— DATASET EXTRACT —
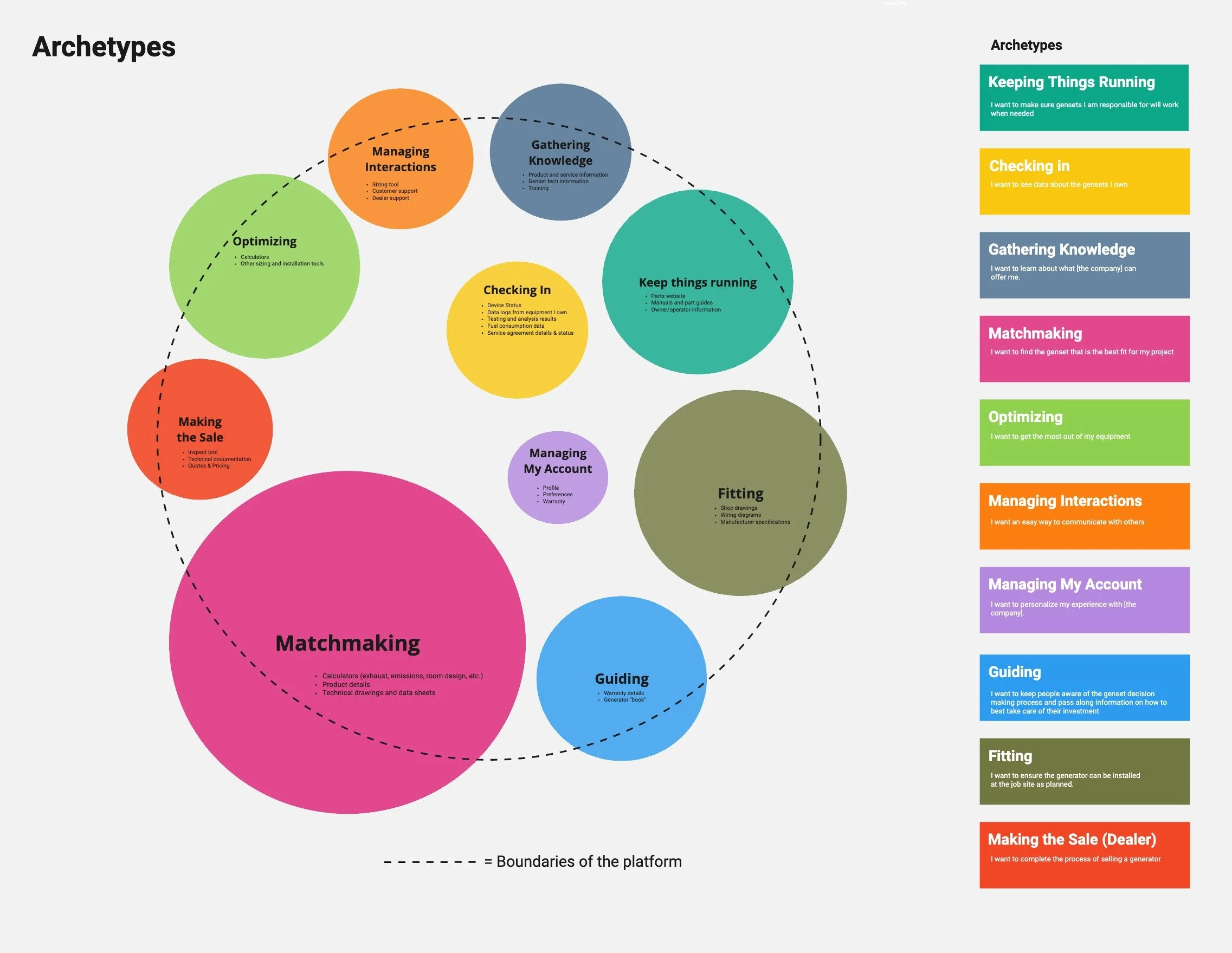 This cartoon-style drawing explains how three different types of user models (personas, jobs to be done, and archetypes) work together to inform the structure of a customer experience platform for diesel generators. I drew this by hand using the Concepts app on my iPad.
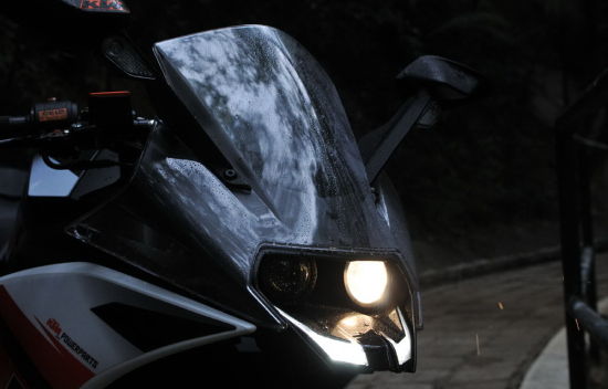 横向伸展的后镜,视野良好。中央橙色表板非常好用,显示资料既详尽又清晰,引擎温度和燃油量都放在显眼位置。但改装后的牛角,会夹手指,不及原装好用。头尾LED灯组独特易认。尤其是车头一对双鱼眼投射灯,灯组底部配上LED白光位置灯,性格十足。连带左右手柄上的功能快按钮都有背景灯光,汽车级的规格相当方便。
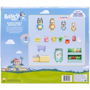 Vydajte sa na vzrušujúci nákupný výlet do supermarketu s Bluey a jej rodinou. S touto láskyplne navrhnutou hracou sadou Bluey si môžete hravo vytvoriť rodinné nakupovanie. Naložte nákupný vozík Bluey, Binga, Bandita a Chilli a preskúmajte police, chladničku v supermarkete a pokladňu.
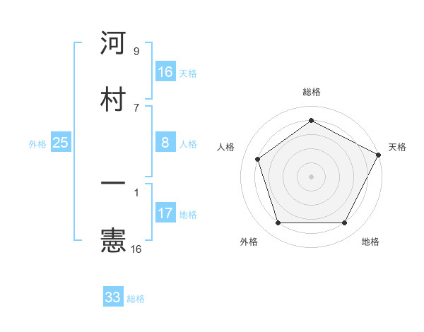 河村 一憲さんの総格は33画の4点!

— PROBLEM —
Omit every picture, then reproduce the rest of the listing exactly.

— WRITTEN ANSWER —
 This cartoon-style drawing explains how three different types of user models (personas, jobs to be done, and archetypes) work together to inform the structure of a customer experience platform for diesel generators. I drew this by hand using the Concepts app on my iPad.
 横向伸展的后镜,视野良好。中央橙色表板非常好用,显示资料既详尽又清晰,引擎温度和燃油量都放在显眼位置。但改装后的牛角,会夹手指,不及原装好用。头尾LED灯组独特易认。尤其是车头一对双鱼眼投射灯,灯组底部配上LED白光位置灯,性格十足。连带左右手柄上的功能快按钮都有背景灯光,汽车级的规格相当方便。
 Vydajte sa na vzrušujúci nákupný výlet do supermarketu s Bluey a jej rodinou. S touto láskyplne navrhnutou hracou sadou Bluey si môžete hravo vytvoriť rodinné nakupovanie. Naložte nákupný vozík Bluey, Binga, Bandita a Chilli a preskúmajte police, chladničku v supermarkete a pokladňu.
 河村 一憲さんの総格は33画の4点!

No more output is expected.